[Given information Boundary: Start]
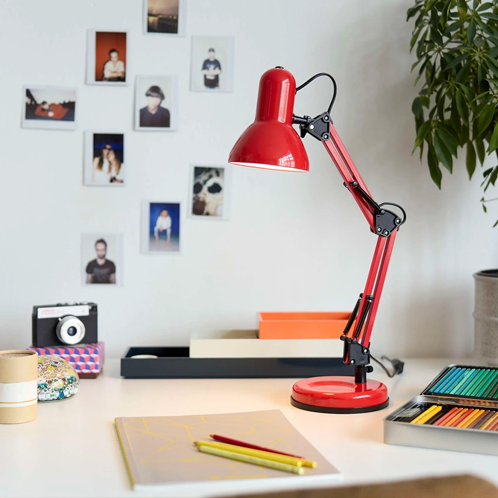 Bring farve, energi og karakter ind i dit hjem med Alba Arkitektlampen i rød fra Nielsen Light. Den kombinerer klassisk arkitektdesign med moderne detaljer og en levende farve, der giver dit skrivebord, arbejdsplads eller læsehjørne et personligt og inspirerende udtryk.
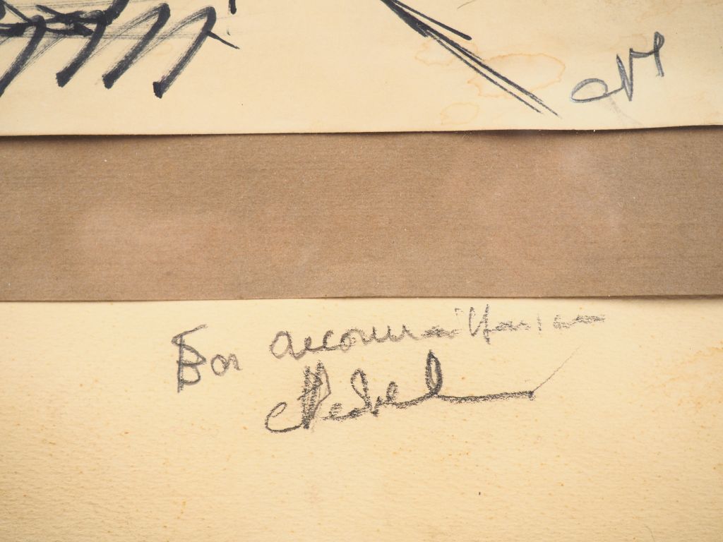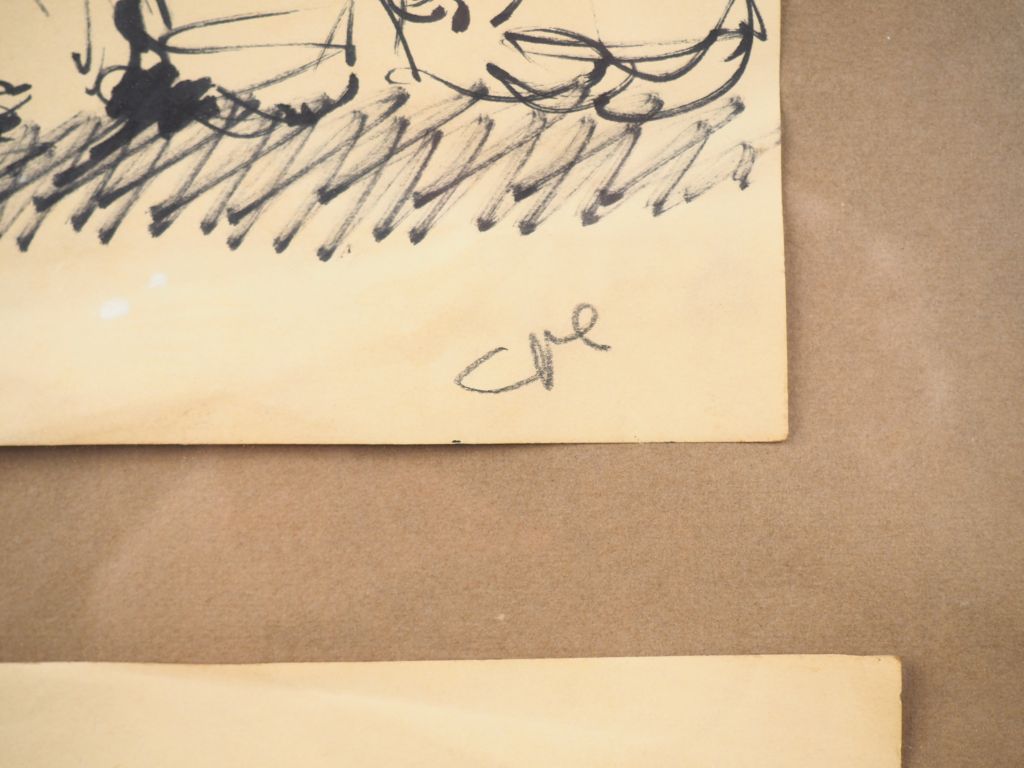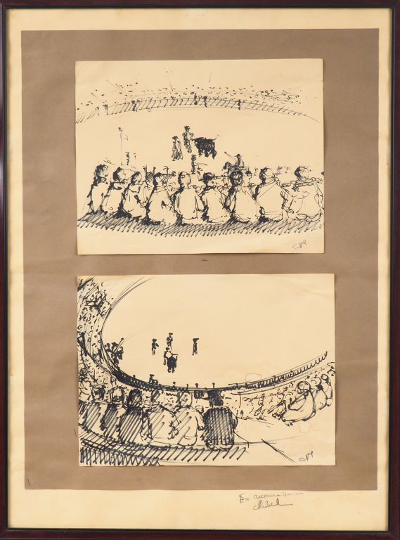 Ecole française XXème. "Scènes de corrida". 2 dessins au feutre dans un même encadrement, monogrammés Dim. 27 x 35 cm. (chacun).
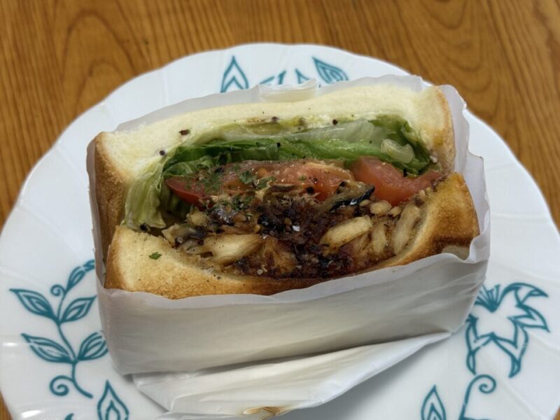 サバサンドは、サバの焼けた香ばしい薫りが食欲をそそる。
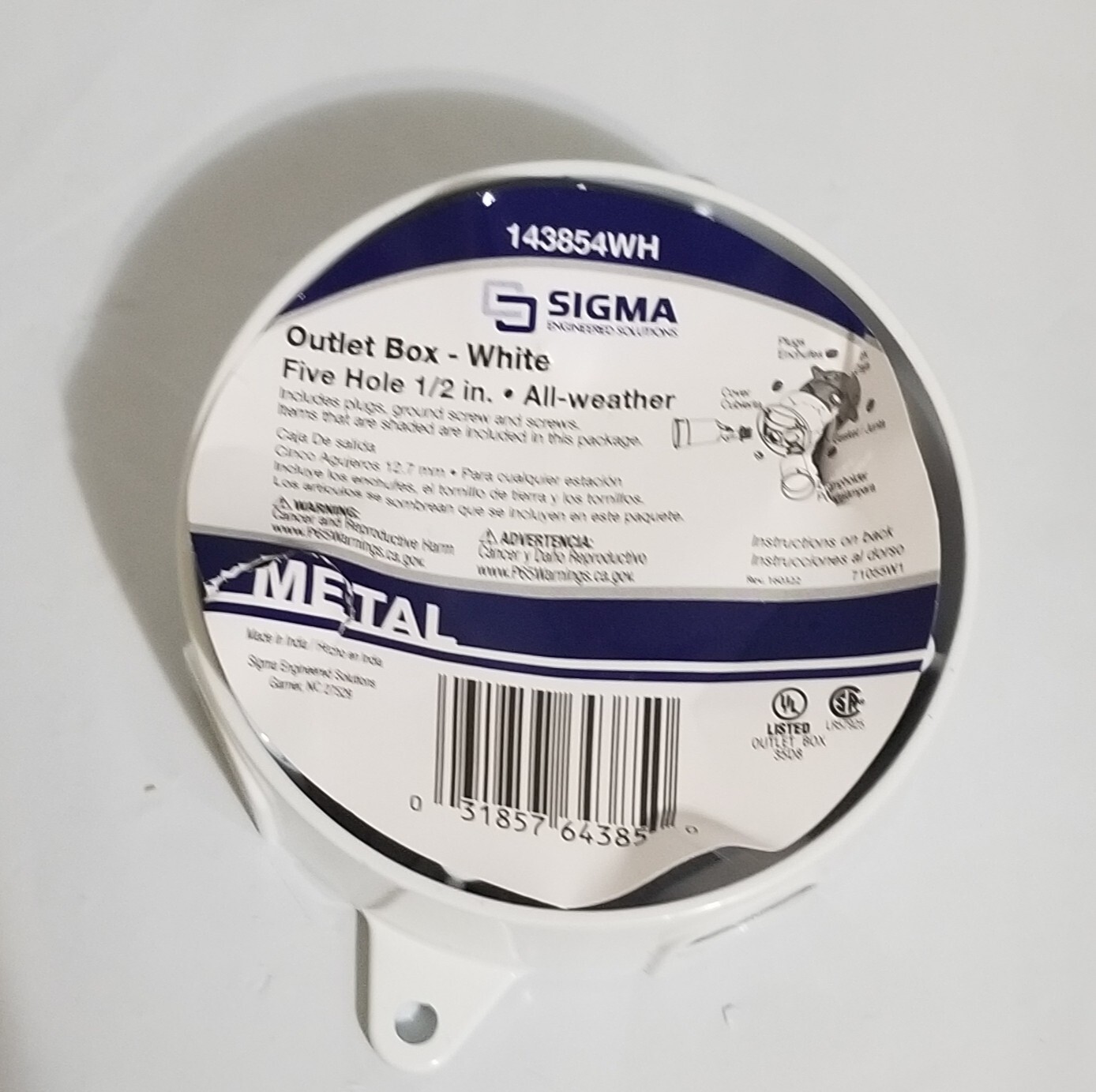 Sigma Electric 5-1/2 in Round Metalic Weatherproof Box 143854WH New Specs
[Given information Boundary: End]
• Your goal
Would you transcribe the listing above line by line, exactly, leaving every picture out?

• Expected answer
 Bring farve, energi og karakter ind i dit hjem med Alba Arkitektlampen i rød fra Nielsen Light. Den kombinerer klassisk arkitektdesign med moderne detaljer og en levende farve, der giver dit skrivebord, arbejdsplads eller læsehjørne et personligt og inspirerende udtryk.
 Ecole française XXème. "Scènes de corrida". 2 dessins au feutre dans un même encadrement, monogrammés Dim. 27 x 35 cm. (chacun).
 サバサンドは、サバの焼けた香ばしい薫りが食欲をそそる。
 Sigma Electric 5-1/2 in Round Metalic Weatherproof Box 143854WH New Specs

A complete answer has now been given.